Comment 5: When the analysis is taking a lot of resources in terms of memory and CPU how do you limit this per DataSHIELD-user? Who is responsible for this, DataSHIELD or the resource owner?

Answer: It is possible in R to limit the memory and CPU usage (and much more) using the package RAppArmor. One possible improvement would be the ability to define an AppArmor profile per user or group of users (this profile would be applied at the start of a DataSHIELD session in each data node). The data owner would have the control of the definition of the profiles and which one apply to each user.

Comment 6: The resource owner needs to implement a way to be easily accessible for the resourcer-package. Especially when you want to run more complex jobs it usually takes a complex interface to work with.

Answer: Building access to a resource is one complexity, that is in practice limited. Allowing multiple/complex parameters for the analysis of a resource is another one, that takes place in the definition of the DataSHIELD R server analysis functions, not in the definition of the resource.

Comment 7: In the shell and ssh resource the Opal administrator is managing the actions that may be performed by the resource handler (researcher in general). When you host Opal on different infrastructure than the resource and is managed by someone who is not in charge of managing the resource the list of possible commands can be freely added to the resource. This possible allows

Answer: The example of the PLINK resource (i.e. running PLINK through SSH) is put in practive by a using a SSH server in a docker container: the possible actions are limited to the available commands and data in this container for the user that connects to the SSH server (which itself has limited rights). Extra security could be added with setting up an AppArmor constrained environment. This illustrates that the security enforcement is possible but needs to be thought ahead of deploying access to such a resource.
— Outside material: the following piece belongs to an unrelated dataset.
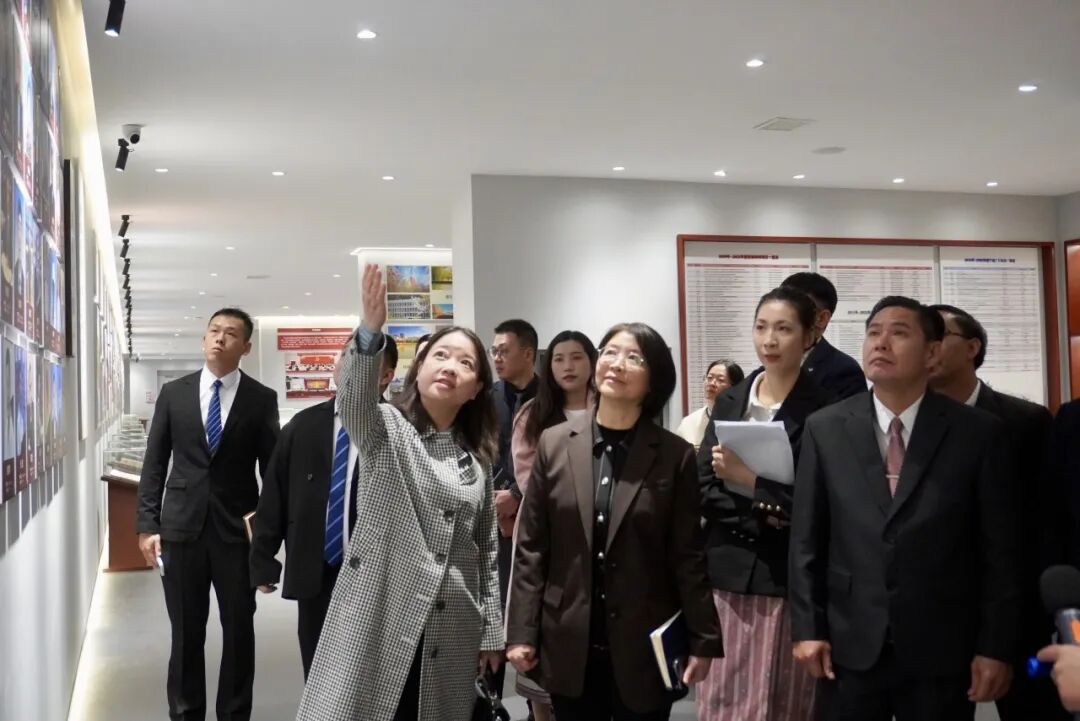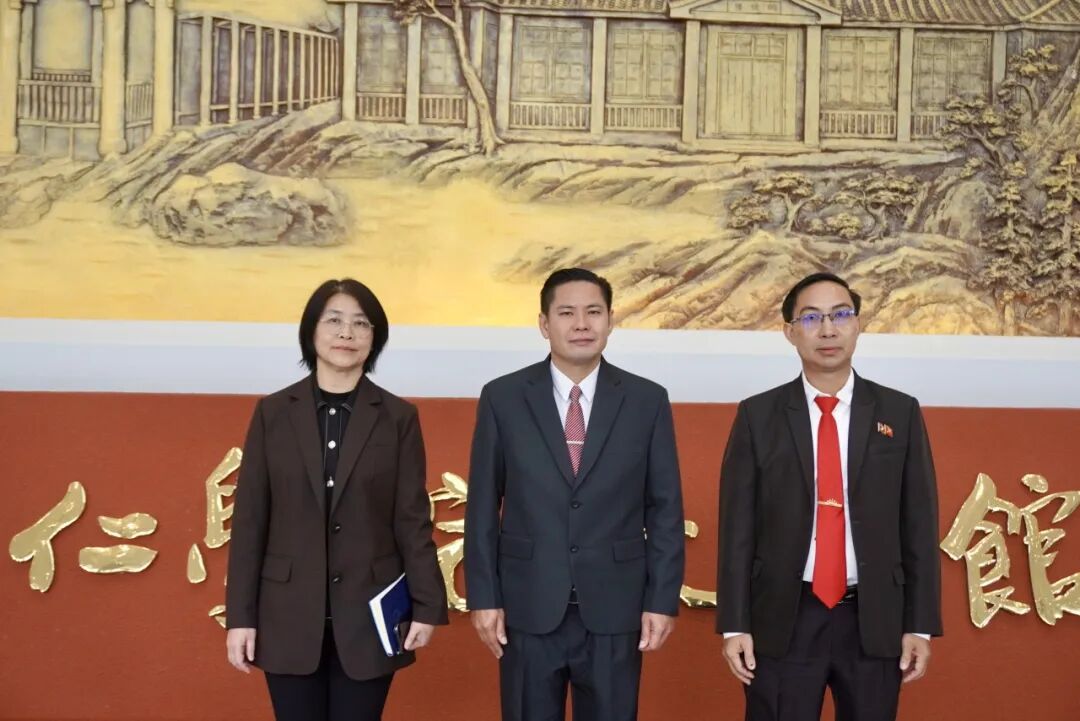 beat365英国官方网站副校长龚静(左)、老挝琅勃拉邦省教育厅厅长苏利德特(中)、副厅长欧江在beat365英国官方网站校史馆合影留念

Comment 8: Maybe less dependencies in the resourcer package?

Answer: We have tried to find a balance between showing out-of-the-box capabilities of various types of resources and not overloading the package. Note that most of the dependencies are suggestions and are not required at installation time. Since the review of the paper, several additional resource extensions have been developed to access less common or more specific resources (Dremio, HL7 FHIR, S3).

Comment 9: When the interface of a dependency is changed the package needs to be changed as well.

Answer: The resourcer package dependencies are well established packages (DBI, tidyverse etc.) that should not change in the near future. More experimental ones (ODBC, aws.s3) are proposed as additional packages.

Comment 10: Think of a way to delegate the authorisation and authentication back to the resource owner. We would propose to change the way of passing credentials in the resource.

Answer: The resource owner also owns the resource definition in the Opal server.

Comment 11: Is it possible to restrict the usage of certain resources? For example, prohibit the use of resources.

Answer: The resource usage requires user/group permission to be set up in Opal. In addition to that, the credentials used to access the resource can be permanently or temporarily invalidated by the resource owner.

Comment 12: It would be nice to have some way of enforcing the metadata which is tight toi the data to be correct. This is often the problem with longitudinal data that metadata over all columns should be correct. It is likely that this also yields for big data structures that are analysed in a pooled manner. How do you handle multiple versions of VCF for example?

Answer: This is a data harmonization issue that is usually addressed before the analysis. Data format validation, if needed, can also be performed by the analyst using DataSHIELD functions. Considering having different versions of VCF we aim to harmonize data by first doing imputation and solving issues concerning genomic strand and file format (PMID: 25495213).